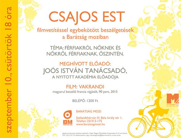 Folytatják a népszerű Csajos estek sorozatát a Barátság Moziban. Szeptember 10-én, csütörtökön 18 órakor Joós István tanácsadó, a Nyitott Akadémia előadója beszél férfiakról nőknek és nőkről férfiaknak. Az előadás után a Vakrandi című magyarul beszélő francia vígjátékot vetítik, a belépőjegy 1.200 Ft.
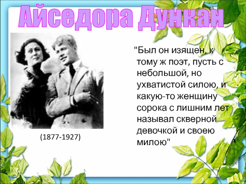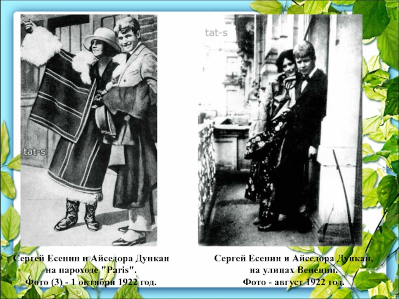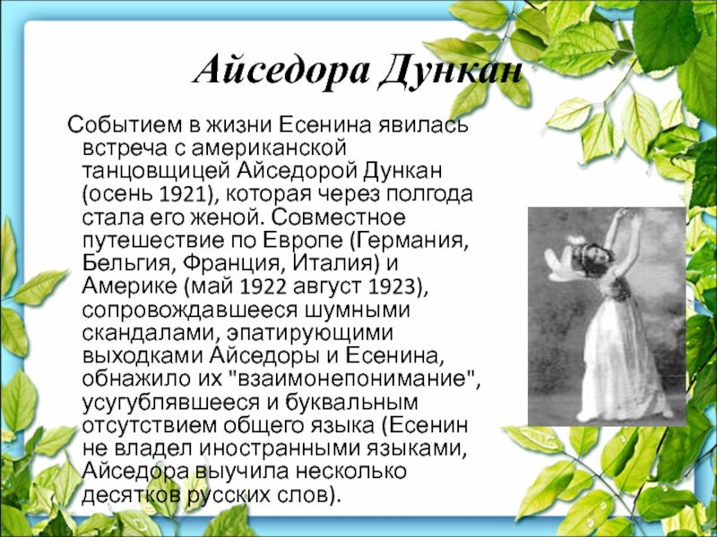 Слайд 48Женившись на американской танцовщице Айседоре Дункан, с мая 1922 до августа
==
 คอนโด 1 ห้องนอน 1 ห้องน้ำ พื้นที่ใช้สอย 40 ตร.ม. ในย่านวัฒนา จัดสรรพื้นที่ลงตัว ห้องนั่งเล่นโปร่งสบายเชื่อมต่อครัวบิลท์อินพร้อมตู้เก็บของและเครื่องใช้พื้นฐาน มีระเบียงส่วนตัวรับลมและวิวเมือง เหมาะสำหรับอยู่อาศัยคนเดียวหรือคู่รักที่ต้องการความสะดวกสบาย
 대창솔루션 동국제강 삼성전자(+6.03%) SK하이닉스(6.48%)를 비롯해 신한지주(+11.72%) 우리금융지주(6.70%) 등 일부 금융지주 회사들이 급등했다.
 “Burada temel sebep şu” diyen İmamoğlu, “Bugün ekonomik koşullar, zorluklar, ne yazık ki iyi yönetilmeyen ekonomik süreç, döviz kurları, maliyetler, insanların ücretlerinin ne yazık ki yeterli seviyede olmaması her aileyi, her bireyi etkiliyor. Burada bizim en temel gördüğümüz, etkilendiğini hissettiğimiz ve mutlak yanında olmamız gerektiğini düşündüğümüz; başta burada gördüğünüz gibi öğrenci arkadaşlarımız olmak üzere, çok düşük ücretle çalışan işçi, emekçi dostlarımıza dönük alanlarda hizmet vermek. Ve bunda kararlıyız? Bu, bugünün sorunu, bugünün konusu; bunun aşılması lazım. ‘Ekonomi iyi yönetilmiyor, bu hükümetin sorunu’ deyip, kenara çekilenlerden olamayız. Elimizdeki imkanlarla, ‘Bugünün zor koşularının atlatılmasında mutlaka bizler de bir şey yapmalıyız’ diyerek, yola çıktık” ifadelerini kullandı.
==
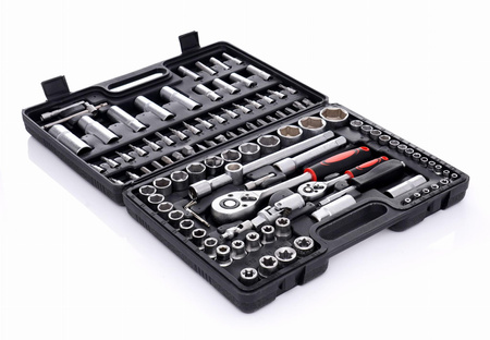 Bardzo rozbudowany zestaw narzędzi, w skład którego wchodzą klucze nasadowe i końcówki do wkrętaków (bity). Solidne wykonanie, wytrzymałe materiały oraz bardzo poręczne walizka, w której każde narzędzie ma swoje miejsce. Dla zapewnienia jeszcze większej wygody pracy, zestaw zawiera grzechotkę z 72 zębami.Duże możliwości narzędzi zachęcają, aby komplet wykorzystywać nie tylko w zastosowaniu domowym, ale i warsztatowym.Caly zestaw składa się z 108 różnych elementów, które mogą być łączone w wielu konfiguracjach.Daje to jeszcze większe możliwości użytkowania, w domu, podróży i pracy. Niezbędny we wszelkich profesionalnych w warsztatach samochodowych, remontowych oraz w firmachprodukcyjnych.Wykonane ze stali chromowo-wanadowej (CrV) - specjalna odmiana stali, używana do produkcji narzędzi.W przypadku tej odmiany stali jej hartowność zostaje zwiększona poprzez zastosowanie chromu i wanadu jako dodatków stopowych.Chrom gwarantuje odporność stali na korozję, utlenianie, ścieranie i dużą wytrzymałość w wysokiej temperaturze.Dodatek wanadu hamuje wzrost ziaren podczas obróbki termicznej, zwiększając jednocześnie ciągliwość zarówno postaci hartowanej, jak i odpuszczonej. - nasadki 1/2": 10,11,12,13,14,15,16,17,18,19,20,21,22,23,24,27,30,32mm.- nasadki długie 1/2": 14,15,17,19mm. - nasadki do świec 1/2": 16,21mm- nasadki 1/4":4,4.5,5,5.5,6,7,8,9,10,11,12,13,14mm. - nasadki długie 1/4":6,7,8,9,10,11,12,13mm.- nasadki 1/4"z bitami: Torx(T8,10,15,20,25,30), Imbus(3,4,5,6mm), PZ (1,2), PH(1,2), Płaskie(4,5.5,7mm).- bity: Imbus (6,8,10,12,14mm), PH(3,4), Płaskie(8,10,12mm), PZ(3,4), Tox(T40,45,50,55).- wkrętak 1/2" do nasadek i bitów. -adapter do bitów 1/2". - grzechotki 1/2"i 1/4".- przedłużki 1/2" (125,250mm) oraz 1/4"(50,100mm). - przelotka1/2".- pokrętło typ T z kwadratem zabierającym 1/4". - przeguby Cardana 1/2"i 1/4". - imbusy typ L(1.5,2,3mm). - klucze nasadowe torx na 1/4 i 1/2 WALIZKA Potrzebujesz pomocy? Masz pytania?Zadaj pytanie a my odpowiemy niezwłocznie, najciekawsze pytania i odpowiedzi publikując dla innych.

The problem: In the entries above, find the line with "Folytatják a népszerű" and the line with "Слайд 48Женившись на". Write out exactly those two lines and every line between them, pictures excluded.

Answer to this problem:
 Folytatják a népszerű Csajos estek sorozatát a Barátság Moziban. Szeptember 10-én, csütörtökön 18 órakor Joós István tanácsadó, a Nyitott Akadémia előadója beszél férfiakról nőknek és nőkről férfiaknak. Az előadás után a Vakrandi című magyarul beszélő francia vígjátékot vetítik, a belépőjegy 1.200 Ft.
 Слайд 48Женившись на американской танцовщице Айседоре Дункан, с мая 1922 до августа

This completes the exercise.